Por Antonio Martins, no sítio Outras Palavras:A reação dos grandes bancos brasileiros e da mídia tem variado de modo revelador, desde que Banco do Brasil e Caixa Econômica Federal anunciaram, semana passada, intenção de reduzir fortemente as taxas de juros. No primeiro momento, o ato foi visto como temerário e demagógico. Veja e O Estado de S.Paulo asseguraram, por exemplo, que a decisão, determinada pelo Palácio do Planalto, era incongruente: os bancos públicos teriam os clientes com maior risco de inadimplência, no sistema financeiro; não estariam, portanto, em condições de reduzir o custo do crédito oferecido a eles.
Mas a ficha rapidamente caiu. Os lucros bilionários dos bancos insultam, há anos, a opinião pública. Atacar o governo, quando este age para aliviar os clientes bancários, seria muito impopular. Por isso, os textos dos últimos dias são mais cautelosos: procuram dar voz aos dirigentes dos bancos privados que fazem exigências para seguir os passos do BB e Caixa. No Valor de hoje, Marcos Lisboa, vice-presidente do Itaú, considera “saudável e importante” o “debate” aberto pelo governo — mas reivindica, para baixar as taxas, medidas como cortes de impostos e direito de receber dos clientes, como garantias, imóveis ou fundos de Previdência…
Qual a sustentabilidade das medidas anunciadas na semana passada? Os bancos cobram, no cartão de crédito ou cheque especial, juros em torno de 10% ao mês — ou 214% ao ano. Será possível esperar uma redução abrupta destas taxas, verdadeiramente extorsivas? Um estudo produzido em 2006, pelos economistas Carlos Eduardo Carvalho e Giuliano Oliveira, da PUC-SP, demonstra que sim.

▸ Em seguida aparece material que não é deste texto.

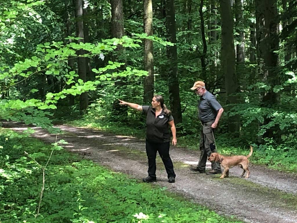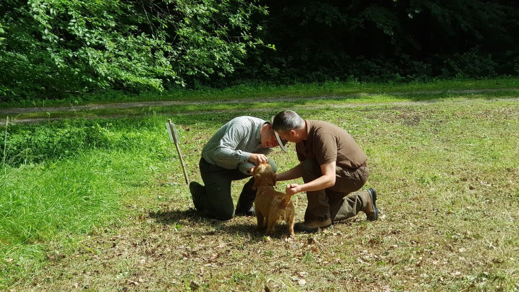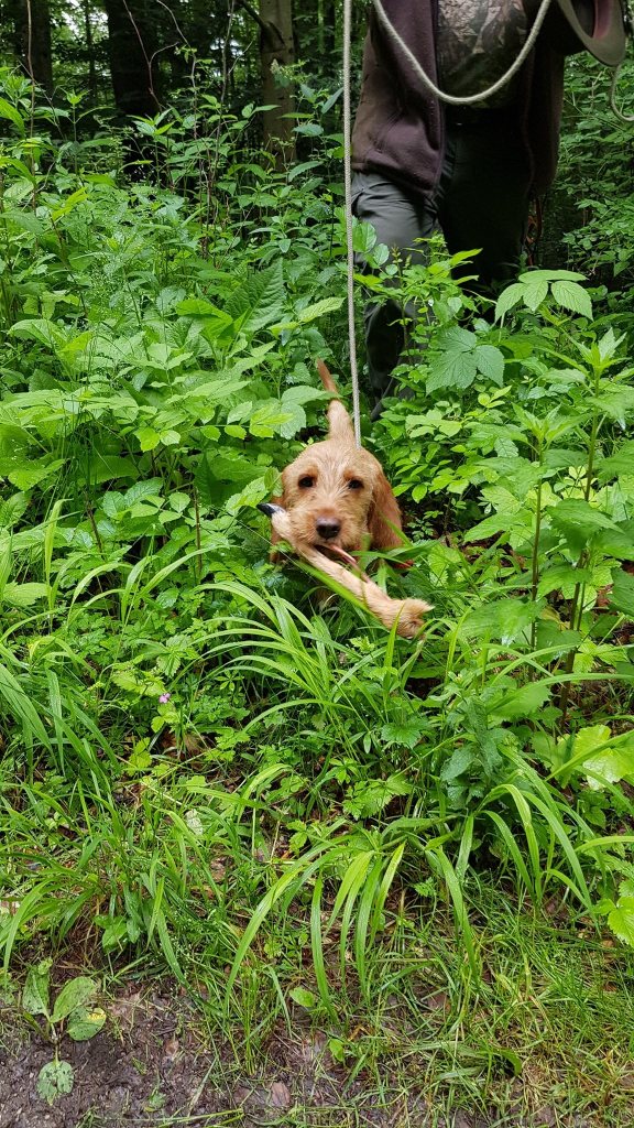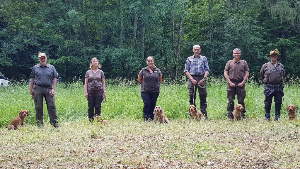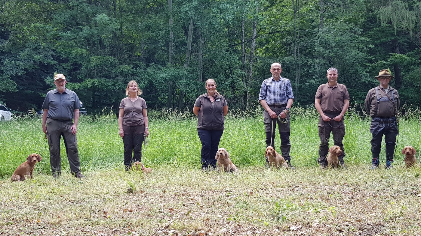 Wir haben Anschusstraining, Fährtentraining, Leinenführigkeit, Schussfestigkeit und Formwerttraining gemacht.
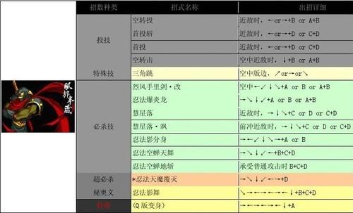 侍魂2出招表大全 侍魂2(全人物)出招表分享
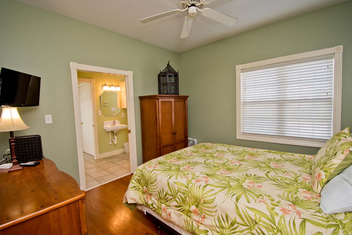Floor #1 - Bedroom #1 Attached Bathroom Queen Bed - TV - Attached Shared Bath |
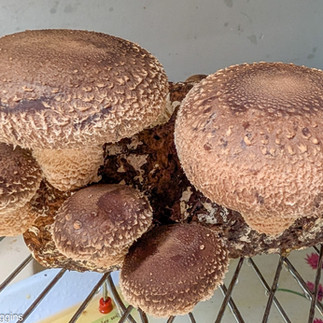 I then went to visit the Forest Fungi with two close friends, to learn about farming mushrooms. I was struck by the prolific growth in the dark and the silence. In turn I was reminded of the long traditions in various religions of silent meditation and the power in ordinary human relationships of sometimes being together in silence with ones that we love, without having to break or fill that silence with empty chatter. Human beings tend to see a productive life in terms of light and sound but so much that sustains life on earth happens in the dark under our feet. Fascinated, I took home with me a 'log' infused with fungi spores, watered it daily and was delighted when it flourished:
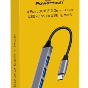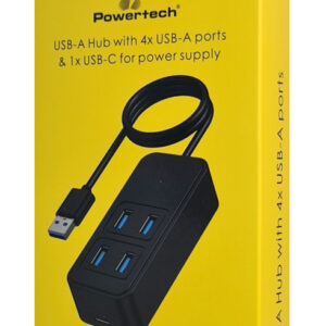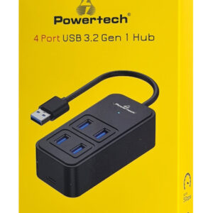 POWERTECH USB 3.2 hub PTR-0153, 4x θυρών, 5Gbps, USB σύνδεση, μαύρο
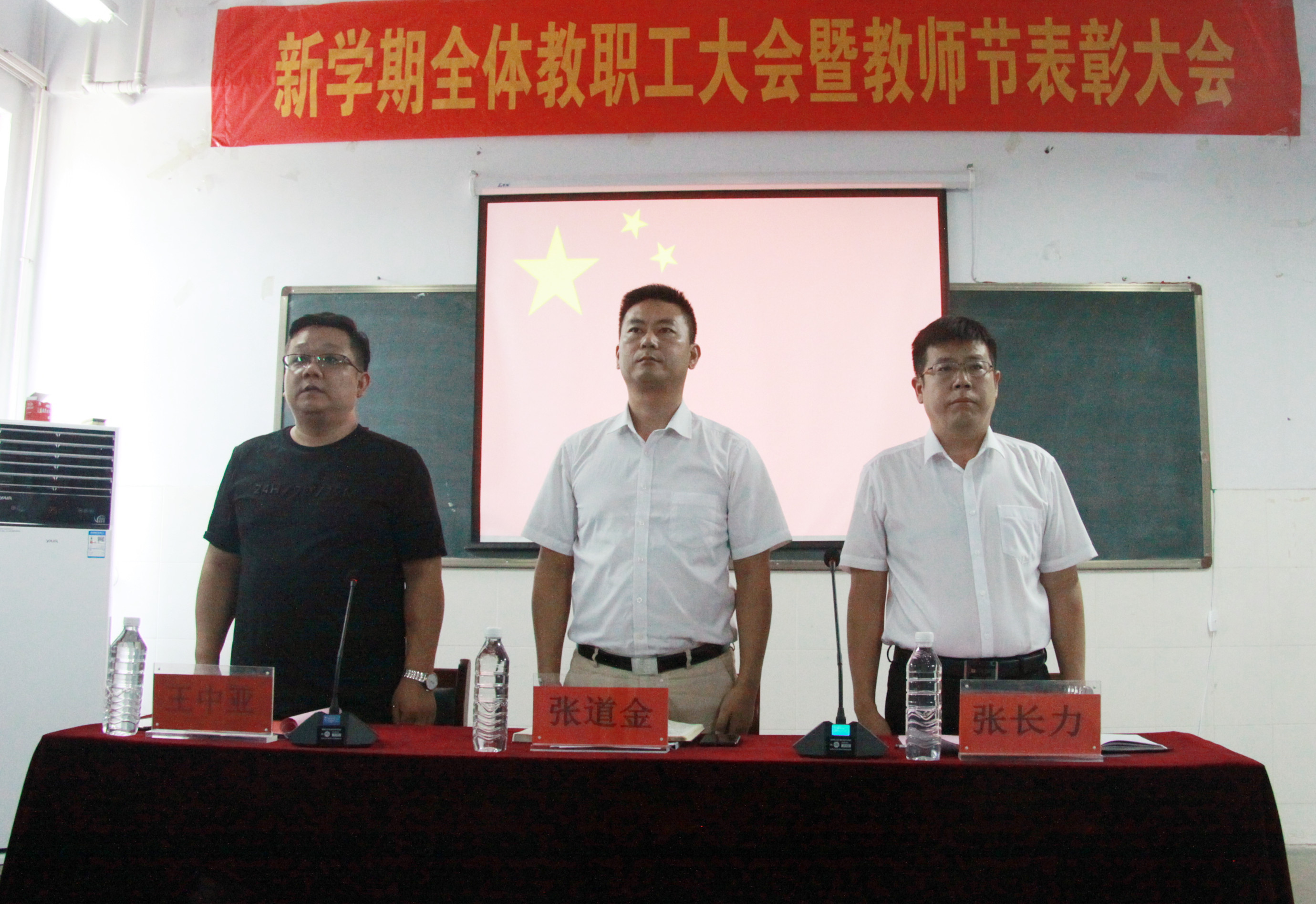 9月9日,Beat365中文官方网站新学期全体教职工暨教师节表彰大会在教学楼101教室举行,院长张道金,副院长张长力、王中亚出席会议,全体教职员工参加会议。会议由副院长王中亚主持。

Publicado na revista Economia e Sociedade (da Unicamp), o trabalho tem 33 páginas, e naturalmente recorre a linguagem e fórmulas econométricas. Em resumo, seus autores afirmam que ao remunerar, por muitos anos, o sistema financeiro com as taxas de juros mais altas do mundo, o Estado brasileiro dispensou os bancos de oferecer crédito em condições favoráveis a empresas e pessoas. Não era necessário. Para que correr riscos, emprestando dinheiro a quem está sujeito a quebrar, quando é possível ganhar muito com o Estado, que nunca se torno inadimplente?
Numa de suas tabelas, Carvalho e Oliveira demonstram que, entre 2002 e 2005, a rentabilidade (retorno sobre o capital líquido) dos bancos brasileiros esteve em torno de 20% — duas a quatro vezes maior que nos países do G7, bastante superior à das maiores economias latino-americanas, w comparável apenas às do Paraguai e Peru… Estes ganhos foram alcançados, basicamente, com compra de papéis públicos; os empréstimos a pessoas e empresas tiveram sempre papel secundário.
Depois de certa vacilação, o governo federal reiniciou, nos últimos meses, um movimento de redução dos juros pagos pelo Estado. As taxas recuaram para 8,75% (cerca de 4% ao ano, descontada a inflação). Há quem aposte que podem cair mais, ainda este mês. Neste novo cenário, sugere o estudo de Carvalho e Oliveira, as instituições financeiras serão obrigadas a se voltar para os clientes privados — que representam risco, mas oferecem imensa rentabilidade.
É aqui que a posição do Banco do Brasil e Caixa pode fazer muita diferença. Se a redução das taxas de juros for efetiva e duradoura, eles podem de fato roubar, dos bancos privados, clientes que agora são necessários. Ou, então, forçarão as instituições particulares a reduzir também suas taxas.
Fica claro, portanto, que não há sentido algum nem em oferecer benefícios fiscais aos bancos, nem em autorizá-los a exigir garantias adicionais de seus clientes. Por longas décadas, o sistema financeiro tem sugado parte importante da riqueza nacional. É hora de começar a inverter este jogo — e é perfeitamente possível fazê-lo.